Importantly, these variations in emphasis have led the Court to conclude in recent years that the phrase “relate to,” as used in ERISA’s preemption provision, cannot be read literally.... To scale the phrase down to size, the Court has devised a disjunctive test: “A law relate[s] to a covered employee benefit plan for purposes of § 514(a) if it [1] has*812 a connection with or [2] a reference to such a plan.” Dillingham, 519 U.S. at 324, 117 S.Ct. 832, 136 L.Ed.2d 791 (citations and internal quotations omitted) (alternations in original)....
Travelers plainly signaled a significant analytic shift in regard to the “connection with” portion of the ERISA preemption inquiry, abandoning strict tex-tualism in favor of a more nuanced approach:
For the same reasons that infinite relations cannot be the measure of preemption, neither can infinite connections. We simply must go beyond the unhelpful text and the frustrating difficulty of defining its key term, and look instead to the objectives of the ERISA statute as a guide to the scope of the state law that Congress understood would survive.
Carpenters Local Union No. 26, 215 F.3d at 139-140, quoting, Travelers, 514 U.S. at 656, 115 S.Ct. 1671, 131 L.Ed.2d 695; accord, Dillingham, 519 U.S. at 324, 117 S.Ct. 832, 136 L.Ed.2d 791.
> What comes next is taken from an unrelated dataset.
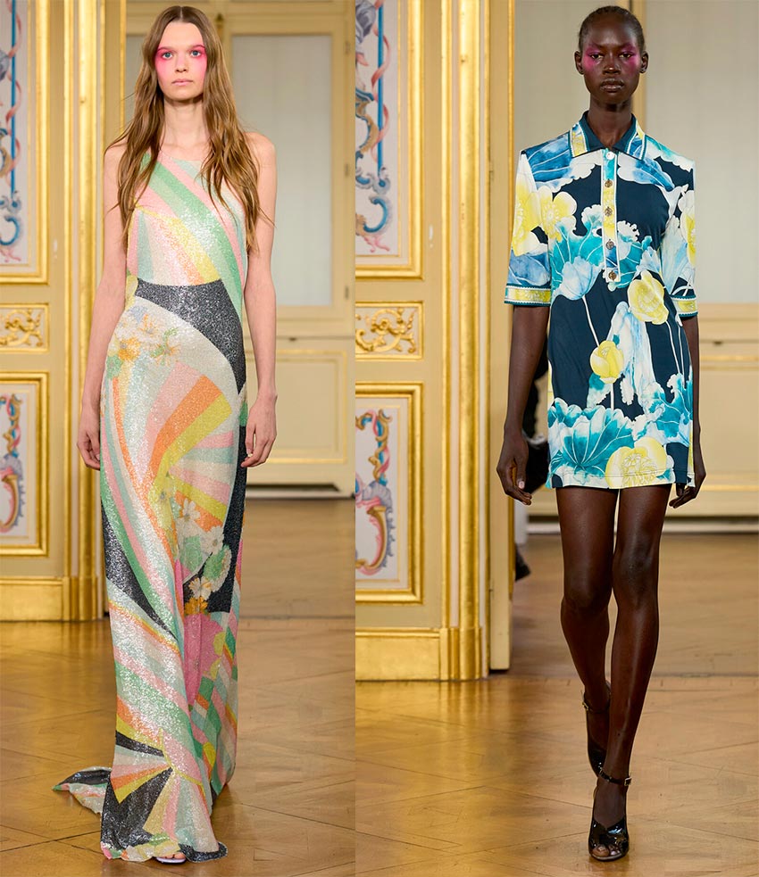 Струящиеся платья, объемные силуэты, преувеличенные пропорции, драпированные мини-юбки, платья-баллоны восхищают своей экстравагантностью. Гигантские цветы, напоминающие экзотические сады, доминируют на подиуме.

Local 417 states that in light of this shift in the law, courts must now take a more practical view and look at the scope of the state statutes that Congress intended would survive ERISA and not presume that the statutes were preempted unless there was a clear indication. ERISA is concerned with the segregation and investment of funds and ensuring that funds are not depleted and that fiduciaries utilize the funds in the manner in which they were intended. Local 417 states that ERISA is concerned that funds set aside for apprenticeship and training programs are properly handled and accounted for, but is not concerned with the substantive requirements for these apprenticeship and training programs. The union argues that ERISA places no substantive regulations on any apprentice program and states that if Congress had intended that states would no longer be able to place any substantive requirement on apprentices it certainly would have stated so. As such Local 417 states there is no mention in the statute or its legislative history of an intention to supersede all state regulation of apprentices. The union asserts that state regulation of apprenticeship standards is peiwa-sive and was pervasive when ERISA was passed. In light of this, the union states that there is no mention by Congress of its attempt to preempt state regulation of substantive apprenticeship standards. Local 417 argues that this is persuasive evidence that Congress did not intend to preempt state laws regulating apprenticeship standards.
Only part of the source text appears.